Reproduce the data below exactly. Skip the pictures.

━━━━━ Dataset extract

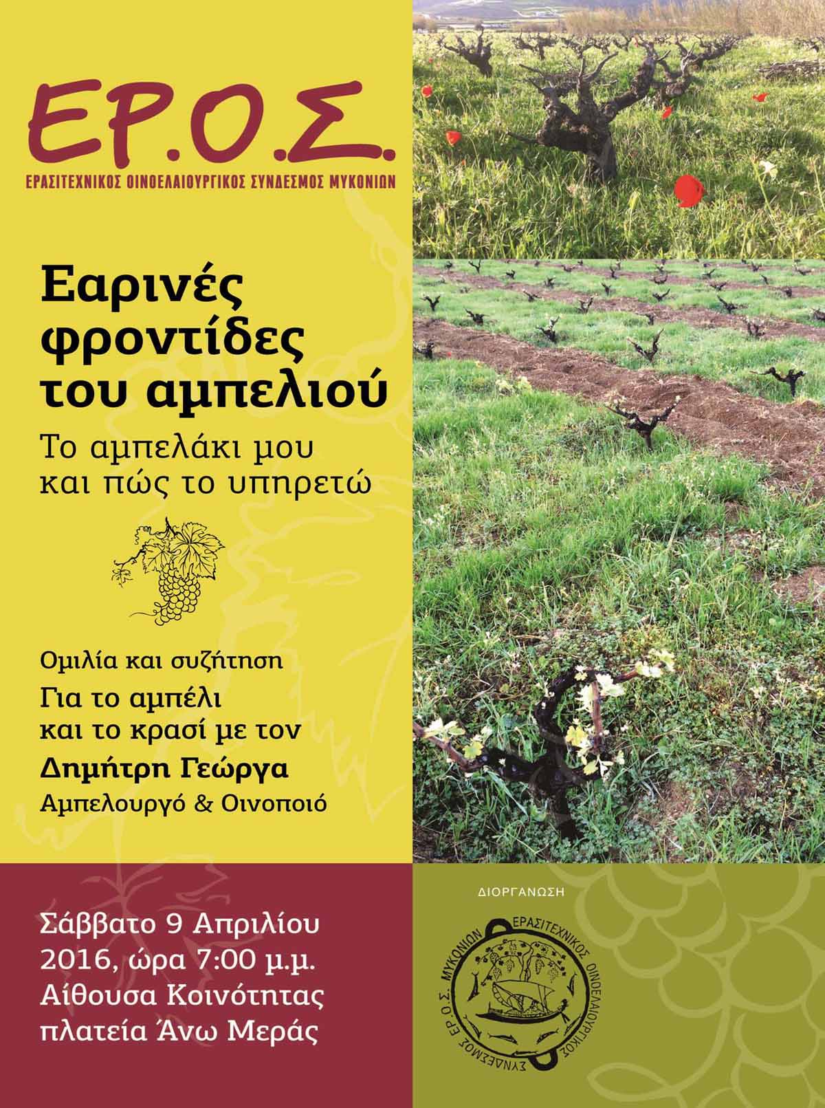 Ο παλιός γνώριμος του Ερασιτεχνικού Οινοελαιουργικού Συλλόγου Μυκονίων, Δημήτρης Γεωργάς επισκέπτεται για τρίτη φορά το νησί της Μυκόνου, προκειμένου να μοιραστεί τις γνώσεις και την εμπειρία του με τα μέλη του Συλλόγου. Ο γνωστός αμπελουργός και οινοποιός με την αμεσότητα, τη σαφήνεια και την ευαισθησία που τον διακρίνει, θα πραγματοποιήσει επισκέψεις σε αμπέλια μελών του Συλλόγου, ώστε να γίνουν οι απαραίτητες παρατηρήσεις και ανταλλαγή απόψεων. Επιπλέον, πέραν της εισήγησης, η διάθεση περισσότερου χρόνου για συζήτηση που αφορά στις απαραίτητες φροντίδες του αμπελιού, θα λύσει απορίες γενικές και ειδικές που αφορούν τις έγνοιες των ερασιτεχνών αμπελουργών του νησιού για την παραγωγή κρασιού, που αντανακλά καλύτερα την ιδιαιτερότητα του τόπου και του κόπου όλων μας.
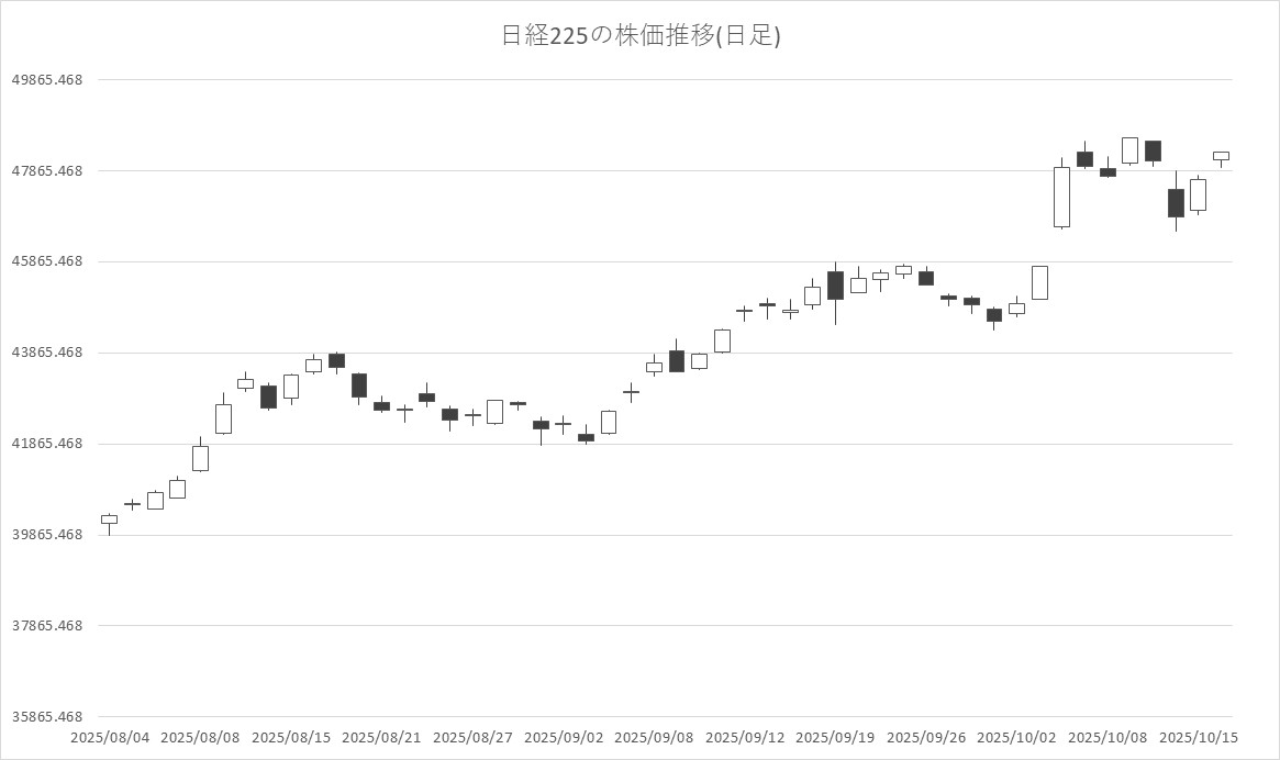 10月16日の東京株式市場は続伸。日経平均株価は、前営業日比597円17銭高の4万8269円84銭でこの日の取引を終えた。自民党と日本維新の会による政策協議の開始を受けて政局不安の後退を背景に半導体関連を中心に物色され、一時606円高まで買われる場面があった。
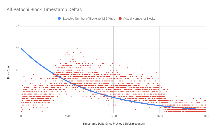 Кроме того, если бы Патоши манипулировали только временными метками добытых блоков, они НЕ смогли бы скрыть общее распределение добытых блоков в течение длительного периода времени и, следовательно, НЕ смогли бы скрыть свой эффективный хэшрейт. Попробуйте не забыть следующие цифры до конца этой статьи держите: 4.35 Мхэш\сек и 6 Мхэш\сек.

━━━━━━━━━━

**Answer below:**
 Ο παλιός γνώριμος του Ερασιτεχνικού Οινοελαιουργικού Συλλόγου Μυκονίων, Δημήτρης Γεωργάς επισκέπτεται για τρίτη φορά το νησί της Μυκόνου, προκειμένου να μοιραστεί τις γνώσεις και την εμπειρία του με τα μέλη του Συλλόγου. Ο γνωστός αμπελουργός και οινοποιός με την αμεσότητα, τη σαφήνεια και την ευαισθησία που τον διακρίνει, θα πραγματοποιήσει επισκέψεις σε αμπέλια μελών του Συλλόγου, ώστε να γίνουν οι απαραίτητες παρατηρήσεις και ανταλλαγή απόψεων. Επιπλέον, πέραν της εισήγησης, η διάθεση περισσότερου χρόνου για συζήτηση που αφορά στις απαραίτητες φροντίδες του αμπελιού, θα λύσει απορίες γενικές και ειδικές που αφορούν τις έγνοιες των ερασιτεχνών αμπελουργών του νησιού για την παραγωγή κρασιού, που αντανακλά καλύτερα την ιδιαιτερότητα του τόπου και του κόπου όλων μας.
 10月16日の東京株式市場は続伸。日経平均株価は、前営業日比597円17銭高の4万8269円84銭でこの日の取引を終えた。自民党と日本維新の会による政策協議の開始を受けて政局不安の後退を背景に半導体関連を中心に物色され、一時606円高まで買われる場面があった。
 Кроме того, если бы Патоши манипулировали только временными метками добытых блоков, они НЕ смогли бы скрыть общее распределение добытых блоков в течение длительного периода времени и, следовательно, НЕ смогли бы скрыть свой эффективный хэшрейт. Попробуйте не забыть следующие цифры до конца этой статьи держите: 4.35 Мхэш\сек и 6 Мхэш\сек.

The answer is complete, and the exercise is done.